For the parameterization of the distributions and the decoder, we used 2-layer Multi-Layer Perceptrons (MLPs). The specifics of the simulation setup, including hyperparameters and training details, can be found in our original paper.

#### Results

In Fig. 3, we set \(P = 1, n = 100\), and provide simulation results for various \(\rho\) values in \(\{0.2, 0.4, 0.6, 0.8\}\). Each subplot displays the \(R_{D,C}\) curves, alongside four rate-distortion points estimated by our algorithm for different slopes \(s\). We also plot \(R_{D,C}\) curves with \(ρ=0\). \(y\)-axis has natural units (Nats) and xaxis represents mean squared error distortion. The dashed lines associated with \(\hat{R}_{D,C}(D)\) corresponds to the learning trajectory, i.e., the achieved (distortion, rate) points during the training process. For each of the subplots in the above figure,

Our algorithm consistently estimates the points on \(R_{D,C}\) within a small tolerance!
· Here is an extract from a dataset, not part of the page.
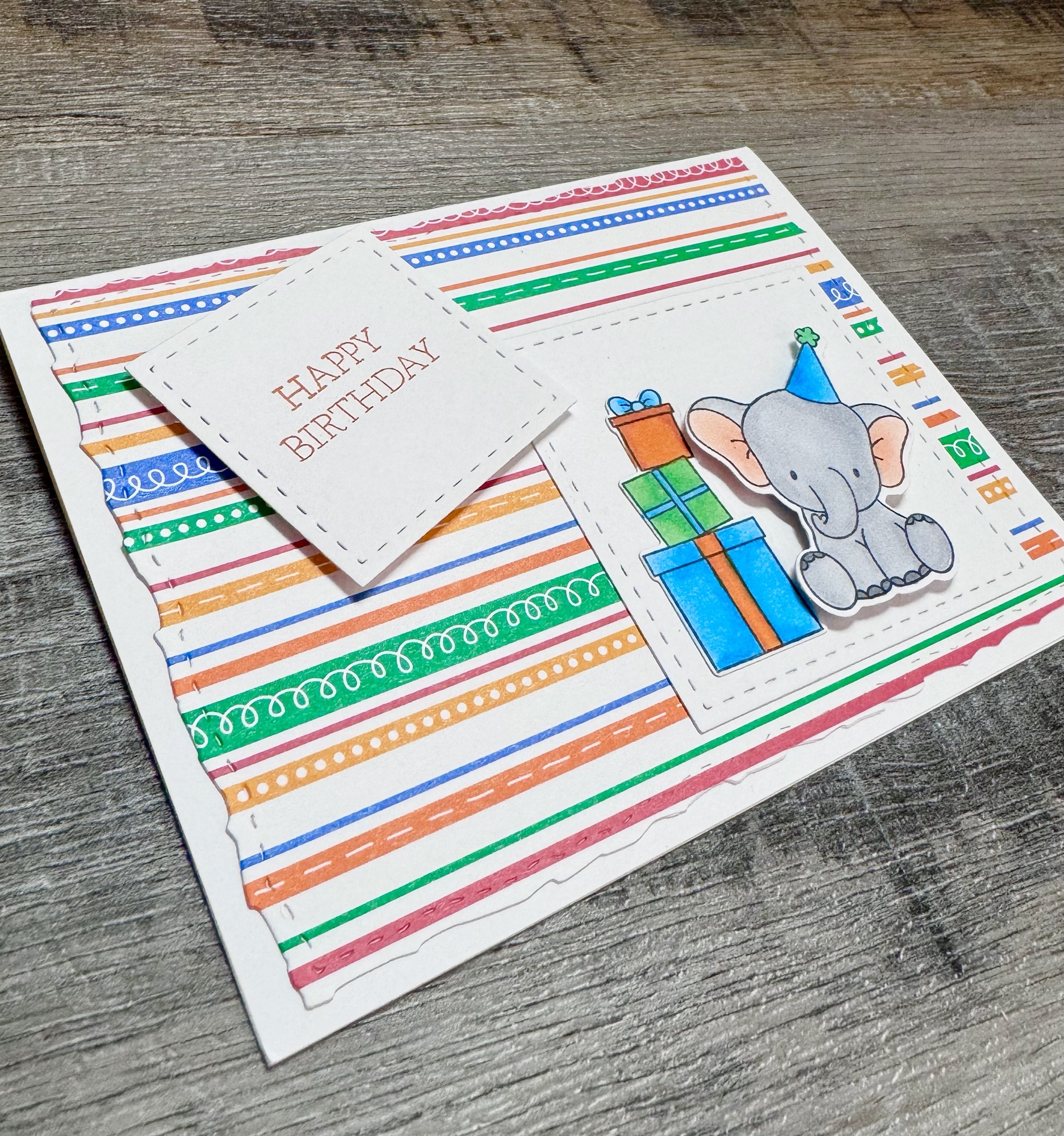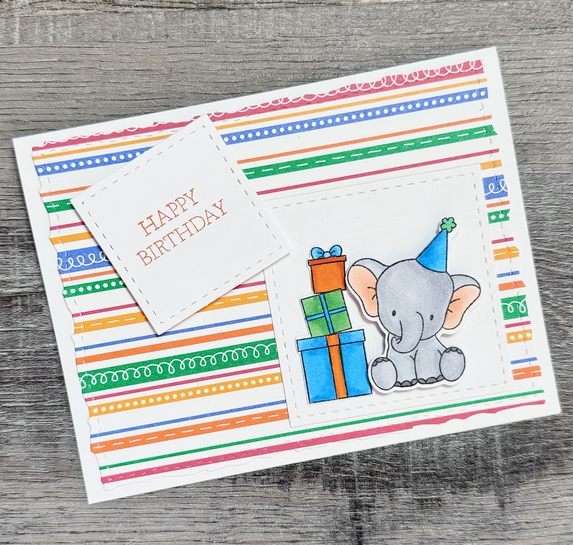 I have a few cards below that I hope will inspire you when making cards for the little ones in your life. They are all the same basic layout, but look so different from each other. They all come together quickly and are sure to bring smiles. 🙂

### Practical Applications - CSI Compression

Our algorithm can be applied to practical scenarios where estimating the rate-distortion function is crucial. One such application is the Channel State Information (CSI) compression problem in Frequency Division Duplex (FDD) communications, where a User Equipment (UE) communicates with a Base Station (BS). This problem is increasingly relevant in wireless research, as efficient CSI compression can significantly enhance communication system performance.

In more detail, our main objective is to compress the DL CSI, \(X\), at the User Equipment (UE) side (DL CSI is depicted on the left hand side of the above image). The UE then transmits this compressed information, or codeword \(U\), to the Base Station (BS). The aim is to minimize the Normalized Mean Squared Error (NMSE), defined as \(\mathbb{E}[{\Vert X-\hat{X} \Vert_{2}^{2}}/{\Vert X \Vert_{2}^{2} }]\), where \(\hat{X}\) is the decoder output and \(\Vert\cdot\Vert_{2}\) is elementwise square norm.

To enhance compression efficiency, uplink (UL) CSI can be utilized as side information $Y$ (See right hand side of the above image). This approach leverages the fact that UL CSI is typically available at the BS side through pilot transmissions from the UE to the BS and is correlated with downlink (DL) CSI due to frequency-invariant characteristics.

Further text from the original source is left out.